Giant granite parallelepipeds, weighing several tons, moved inside tunnels so narrow that they do not allow wheels to be inserted under them, do not allow winches to be used to lift them, do not allow them to be turned in any way. Underneath the parallelepipeds there is no sign that sleds, wheels, grease, or anything like that were used.
Yet a dozen of these objects were lowered underground, moved in those very narrow tunnels, and lowered into side crypts several meters deep. Even the idea that they first built the parallelepipeds and then constructed the building fell apart, since the whole structure was dug underground, like a giant anthill.

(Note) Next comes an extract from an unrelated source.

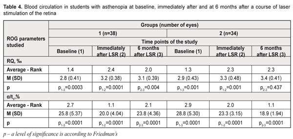 At 6 months after a course of LSR, the reserve accommodation values decreased to 2.4 (SD, 1.13) D, i.e. by 14%, in group 1 while, in group 2, an insignificant increase to 2.9 (SD, 1.01) D was noted as compared with the post-LSR values of resrve of accommodation. After 6 months of nutrient supplementation, the mean reserve accommodation values statistically significantly increased in the group 2 students (χF2=54.5; p=0.0001): this index was > 3D in 73% vs. 54% of the group 1 students. Light sensitivity of the macula (LSM) which reflexes compensatory and adaptive mechanisms of the afferent system also improved after a course of LSR in both groups: by 12% and 18% in group 1 and 2, respectively (р<0.001). 6 months after a course of LSR, LSM 7 minutes into the study increased to 2.0 (SD, 0.15) (р<0.001), i.e. by 25%, in 82% of the group 2 students; while, in group 1, this index decreased to 1.85 (SD, 0.21) and was within the normal ranges only in 47% of the students. As it can be seen in Table 1, at 6 months of the supplementation with a vitaminous antioxidant complex, the students of group 2 had a statistically significant increase of light sensitivity of the macula (χF2=62.5; p=0.00001), which was confirmed by the increased mean LSM values, at average by 25%: after a 6-month nutrient supplementation, the LSM values reached the normal ranges in 28 eyes (82%). In group 1, by 6 months, the LSM values reached the normal ranges in 18 eyes (47%), which is 1.7 times less than in group 2. RQ blood circulation in the eye after a course of LSR improved, at average, by 14% in both groups: by 3.2 (SD; 0.38) ‰ and 3.3 (SD; 4.48) ‰, in group 1 and 2, respectively (Table 4). At 6 months, no significant changes in blood circulation were noted in the groups. Based on the literature data, the improved working capacity of the ciliary muscle is directly related to improved hemodynamics in the ocular vessels. Insufficient blood supply is one of the main mechanisms leading to impaired accommodation. Studies by T.N. Kisileva and colleagues (2013) have shown a significant increase of rheography coefficient by 66% and a decrease of asthenopia symptoms after a course of transscleral laser stimulation of the ciliary body [26]. At baseline, vascular spasm was revealed in 95% of the group 1 students and in 97% of the group 2 students. After a course of LSR we noted a significant improvement of the tone of intraocular vessels (α/t1) by 22% and 19%, i.e. to 20.0 (SD; 4.04) % and 23.3 (SD; 3.15) %, in the students of group 1 and 2, respectively (p<0.001) (Table 4). Studies at 6 months after LSR revealed a further decrease in the tone of the intraocular vessels to 18.9 (SD; 1.94) %, i.e. by 19%, in 59% of the group 2 students (p<0.05), while in the group 1, the spasm of the intraocular vessels increased to 23.8 (SD; 4.36) % (p>0.001), i.e. by 19% (p>0.001). Hence, during the whole follow-up period, the intraocular vascular spasm decreased by 34% in the students of group 2 (p<0.001). As it can be seen in Table 4, 6 months of a nutrient supplementation resulted in a significant increase in the mean values of the tone of the intraocular vessels (χF2=62.7; p=0.00001): the normal ranges of the intraocular vascular tone were noted in 20 eyes (59%) in group 2. At 6 months, the vascular spasm was noted in 86 % of the group 1 students.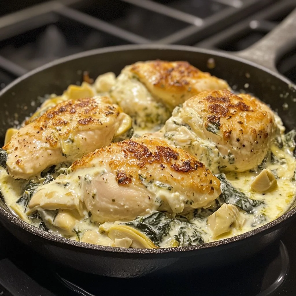 A creamy and flavorful dish combining spinach, artichoke hearts, and a cheesy filling atop tender chicken breasts.

And although it’s pitch black down there, nowhere is there a trace of the smoke from the flashlights, and it’s not possible to make light reach inside with a play of mirrors. There is a historical “yellow” as well. The very few hieroglyphs engraved on a few parallelepipeds are both inaccurate and wrong! Conversely, the interior of the parallelepipeds is constructed with a margin of error of less than a millimeter. As if someone, who knows when, made a clumsy attempt to make this stuff look “Egyptian” and then gave it up. The difference between the “amateurs” who carved those few sketches of hieroglyphs and the engineering perfection of everything else, leaps to the eye.
The Saqqara Serapeum hits us like a punch in the stomach, because there is no plausible explanation, not even one, as to how they managed to build it. Those objects are one of the great evidences that, before the Egyptians we know, there was a civilization in those places that knew its stuff about how to work huge slabs of granite with pinpoint accuracy, and how to move huge loads in conditions bordering on the impossible. Who were these amazing engineers of the past?